Б. Унбегаун неустанно трудился, выпустив ряд любопытных статей. С 1925 по 1937 год он был библиотекарем Института славяноведения в Париже и, очевидно, во многом способствовал появлению новых книг, в том числе и из России. В 1936 году его приглашают в Институт восточной и славянской филологии и истории Брюссельского университета, где он был профессором до 1953 года. Тогда же, накануне Второй мировой войны, его приглашают в Страсбург.

Приоритет науки — и в Бухенвальде, и в Оксфорде

Письма Б. Унбегауна М.Н. Петерсону, а также свидетельства коллег и знакомых ученого поведали нам о мучениях Б. Унбегауна в годы войны. Человек истинно гуманистических ценностей, благородный по духу не мог смотреть на открытое насилие, надвигавшееся со стороны фашистской Германии. Потому Б. Унбегаун вступил во французское Сопротивление и как участник антигитлеровской борьбы был арестован в 1943 году и отправлен в концлагерь Бухенвальд. 

Едва ли возможно передать словами, какие тяготы и лишения испытывал ученый, находясь в нечеловеческих условиях, но он был предан своему научному призванию и там, подмечая и собирая в лагере колоритные черты славянской речи, которые позже легли в основу его, можно сказать, автобиографической статьи.

После войны Б. Унбегаун продолжил преподавательскую и исследовательскую деятельность. С конца 1940-х годов он регулярно посещает Оксфорд, читая лекции по славистике, а с 1953 по 1965 г. занимает там кафедру сравнительной славянской филологии. 

Оксфордский период его научной жизни, пожалуй, был самым плодотворным. Он активно участвует в издательской деятельности: публикуется в Oxford Slavonic Papers, работает в архивах. 

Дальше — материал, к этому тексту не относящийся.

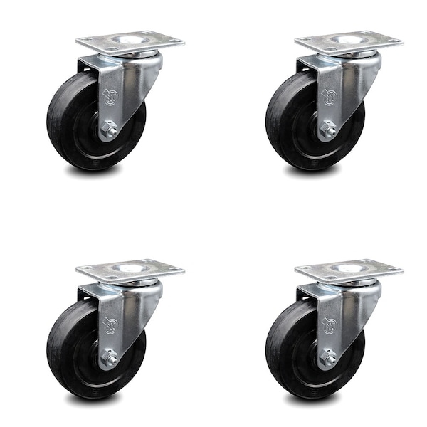 4 Inch Soft Rubber Wheel Swivel Top Plate Caster Set

Можно только поражаться страстной увлеченности и разносторонности взглядов Б. Унбегауна. Его увлекают и исследования церковнославянской лексики, и ономастика, и язык делового письма, и древние лексиконы, и проблемы терминологии, и религия древних славян, и многое другое. 

Замечательны, на наш взгляд, и такие теперь уже ставшие раритетами заметки, как «О русском названии мамонта» или «Как называли носорога в Древней Руси?», а в статье «Бельгийское происхождение одного русского названия обезьяны» Б. Унбегаун исследует генеалогию слова «мартышка», приводя редкие языковые факты. 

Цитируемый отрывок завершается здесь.